___ Materials provided ___

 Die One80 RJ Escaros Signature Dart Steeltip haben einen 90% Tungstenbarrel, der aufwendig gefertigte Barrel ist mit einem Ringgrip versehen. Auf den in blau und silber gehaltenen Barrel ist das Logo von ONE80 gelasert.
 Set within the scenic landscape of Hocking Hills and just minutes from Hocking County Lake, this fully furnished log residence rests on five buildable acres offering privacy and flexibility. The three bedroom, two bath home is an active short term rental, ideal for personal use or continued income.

___
___ Materials provided ___

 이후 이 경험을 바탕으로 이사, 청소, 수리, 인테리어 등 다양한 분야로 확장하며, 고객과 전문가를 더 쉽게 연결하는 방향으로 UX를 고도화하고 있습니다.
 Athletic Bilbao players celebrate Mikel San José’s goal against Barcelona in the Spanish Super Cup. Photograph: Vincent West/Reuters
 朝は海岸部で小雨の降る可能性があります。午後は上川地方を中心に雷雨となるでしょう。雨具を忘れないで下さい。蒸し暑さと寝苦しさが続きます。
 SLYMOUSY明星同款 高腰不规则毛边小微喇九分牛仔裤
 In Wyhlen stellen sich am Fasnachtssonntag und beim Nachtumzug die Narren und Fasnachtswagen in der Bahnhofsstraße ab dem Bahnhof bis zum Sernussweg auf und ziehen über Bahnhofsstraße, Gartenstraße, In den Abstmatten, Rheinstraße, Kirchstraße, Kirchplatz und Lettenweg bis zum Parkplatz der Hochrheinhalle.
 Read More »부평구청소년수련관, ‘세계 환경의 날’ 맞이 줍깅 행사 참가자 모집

___

### Problem to solve
In the listing above, the lines from the one containing "SLYMOUSY明星同款 高腰不规则毛边小微喇九分牛仔裤" through the one containing "줍깅 행사 참가자 모집" must be set down exactly, with no other lines.

### Answer
 SLYMOUSY明星同款 高腰不规则毛边小微喇九分牛仔裤
 In Wyhlen stellen sich am Fasnachtssonntag und beim Nachtumzug die Narren und Fasnachtswagen in der Bahnhofsstraße ab dem Bahnhof bis zum Sernussweg auf und ziehen über Bahnhofsstraße, Gartenstraße, In den Abstmatten, Rheinstraße, Kirchstraße, Kirchplatz und Lettenweg bis zum Parkplatz der Hochrheinhalle.
 Read More »부평구청소년수련관, ‘세계 환경의 날’ 맞이 줍깅 행사 참가자 모집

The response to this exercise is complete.